WHAT THE EXERCISE ASKS:
Leaving out each picture, transcribe the lines of the listing below exactly from the first through the line that contains "演讲稿:传承红岩精神,争做时代新人 2024-07-16 Word模板".
[[ GIVEN RECORDS, beginning ]]
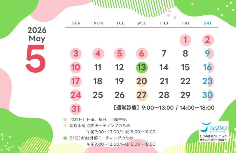・20日(水)、27日(水)は院内ミーティングの為、午後の診療は15:00~18:00となります。
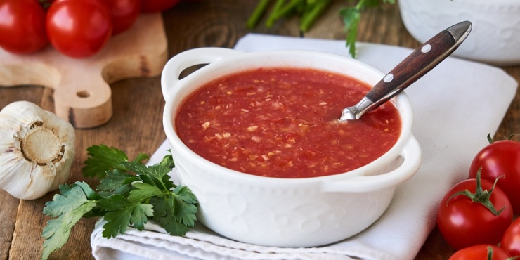 Соус «Огонёк» известен ещё с советских времён. Его готовят по-разному, но основные ингредиенты — это помидоры, чеснок и острый перец. Часто добавляют корень хрена, такой вариант мы и предлагаем попробовать.
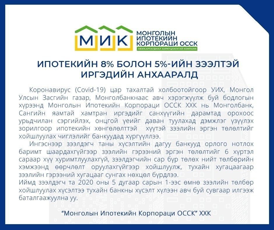 Коронавирус (Covid-19) цар тахалтай холбоотойгоор УИХ, Монгол Улсын Засгийн газар, Монголбанкнаас авч хэрэгжүүлж буй бодлогын хүрээнд Монголын Ипотекийн Корпораци ОССК ХХК нь Монголбанк, Сангийн яамтай хамтран иргэдийг санхүүгийн дарамтад орохоос урьдчилан сэргийлэх, онцгой үеийг даван туулахад дэмжлэг үзүүлэх зорилгоор ипотекийн хөнгөлөлттэй
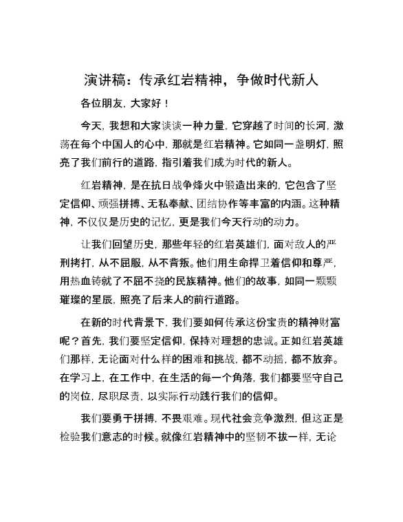演讲稿:传承红岩精神,争做时代新人 2024-07-16 Word模板 104 购买前,请一定要先点击这里看看,欢迎持续关注,精彩模板每天推送 预览结束,本文件为word文档,一共2页,共706字,请购买后,下载后查看 购买前,请一定要先点击这里看看,欢迎持续关注,精彩模板每天推送 资源下载下载价格29 RMBVIP免费升级VIP点击检测网盘有效后购买有任何充值和下载问题请加微信:xuexixuexi66 0 演讲发言
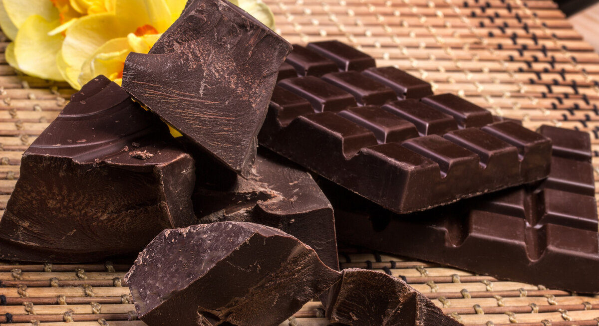 Темный шоколад Темный шоколад содержит много флавонидами и антиоксидантов, хорошо влияющих на кожу.
[[ GIVEN RECORDS, end ]]
WRITTEN ANSWER:
・20日(水)、27日(水)は院内ミーティングの為、午後の診療は15:00~18:00となります。
 Соус «Огонёк» известен ещё с советских времён. Его готовят по-разному, но основные ингредиенты — это помидоры, чеснок и острый перец. Часто добавляют корень хрена, такой вариант мы и предлагаем попробовать.
 Коронавирус (Covid-19) цар тахалтай холбоотойгоор УИХ, Монгол Улсын Засгийн газар, Монголбанкнаас авч хэрэгжүүлж буй бодлогын хүрээнд Монголын Ипотекийн Корпораци ОССК ХХК нь Монголбанк, Сангийн яамтай хамтран иргэдийг санхүүгийн дарамтад орохоос урьдчилан сэргийлэх, онцгой үеийг даван туулахад дэмжлэг үзүүлэх зорилгоор ипотекийн хөнгөлөлттэй
演讲稿:传承红岩精神,争做时代新人 2024-07-16 Word模板 104 购买前,请一定要先点击这里看看,欢迎持续关注,精彩模板每天推送 预览结束,本文件为word文档,一共2页,共706字,请购买后,下载后查看 购买前,请一定要先点击这里看看,欢迎持续关注,精彩模板每天推送 资源下载下载价格29 RMBVIP免费升级VIP点击检测网盘有效后购买有任何充值和下载问题请加微信:xuexixuexi66 0 演讲发言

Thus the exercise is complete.